Никакой тюрьмы. Никакого узилища для малолеток. И, если мои родители готовы заплатить, никаких государственных учреждений. Я был признан невменяемым и направлен в психиатрическую клинику сроком на один год, вплоть до своего восемнадцатилетия, после чего мое дело пересмотрят. Это был даже не настоящий приговор. По сути, пребывание в сумасшедшем доме было как условно-досрочное освобождение.
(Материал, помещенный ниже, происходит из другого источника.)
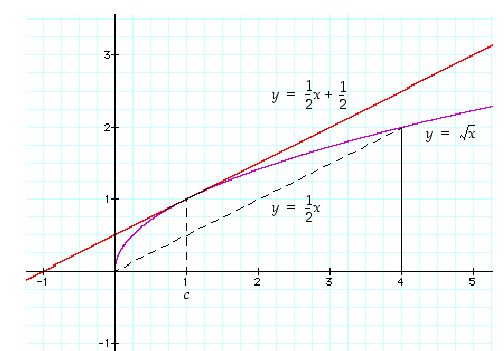 Differentiaalilaskennan väliarvolauseen oletukset ovat siten voimassa. Sen mukaisesti on olemassa piste

Отвращение моих родителей к психиатрии было настолько глубоко в них укоренившимся и настолько явным, что с тем же успехом меня могли бы отправить в семинарию. «Давайте считать, что нам очень, очень повезло», – говорила моя мать сквозь слезы, но я знал, что уже скоро она начнет думать – если уже не думает, – что как бы ни страшна была тюрьма, подобная судьба хотя бы роднила меня со Сталиным, с Юджином Деннисом, с испанскими борцами за свободу и с тысячами других героев-революционеров, тогда как пребывание в доме для умалишенных определяло меня в одну лигу с каким-нибудь остряком с постоянной сигаретой во рту, скажем с Оскаром Левантом, с каким-нибудь влюбленным по уши юнцом, который как дурак с писаной торбой носится со своими чувствами. Однако, узнав о решении судьи, я испытал облегчение и почувствовал, что в общем и целом со мной поступили справедливо. Я мог бы принять и полное оправдание. И довольно часто я представлял, как судья произносит: «Дэвид не имел злого умысла» – и с этими словами уходит. Однако оправдание пугало меня. Я считал, что умеренное наказание как раз лучше всего, и был признателен за то, что буду отбывать его в частной клинике, среди зеленых лужаек, в обществе съехавших с катушек молодых людей из привилегированных, толерантных семейств. Судья подчеркнул, что решение будет пересмотрено через год, но я считал, что при должном везении и при наличии одного-двух симпатизирующих мне, которые услышат о моих истинных чувствах, поймут их безмерность и неизменность, я выйду оттуда через несколько месяцев, готовый связать узелком нить своей жизни на том месте, где она оборвалась.

Судья вынес приговор после того, как мой полицейский надзиратель допросил каждого, кто мог что-то сказать суду о моем характере. «Ну прямо фэбээровская проверка», – сказал Артур. «Да-да», – согласилась Роуз, кивая и глядя на меня пристально и скорбно, стараясь своим видом напомнить мне, кто я такой на самом деле. Полицейский надзиратель побеседовал с тестировавшими меня психиатрами. Побеседовал со мной. Он оказался молодым человеком, японцем, который изо всех сил выказывал дружелюбие. «Как ты сам думаешь, Дейв, зачем ты поджег дом?» – спросил он сдавленным голосом, как будто был первым, кто напрямую задавал этот вопрос. Я пробубнил заученный ответ, а потом уткнулся лицом в ладони и разрыдался – по привычке, потому что тогда все время плакал, от беспомощности и, что весьма странно, однако неоспоримо, от тоски, поскольку пожар, несмотря на весь его ужас и опустошение, стал частью моей жизни, моей судьбы, моего страстного сердца, и мне казалось чудовищно несправедливым, что теперь только это и важно.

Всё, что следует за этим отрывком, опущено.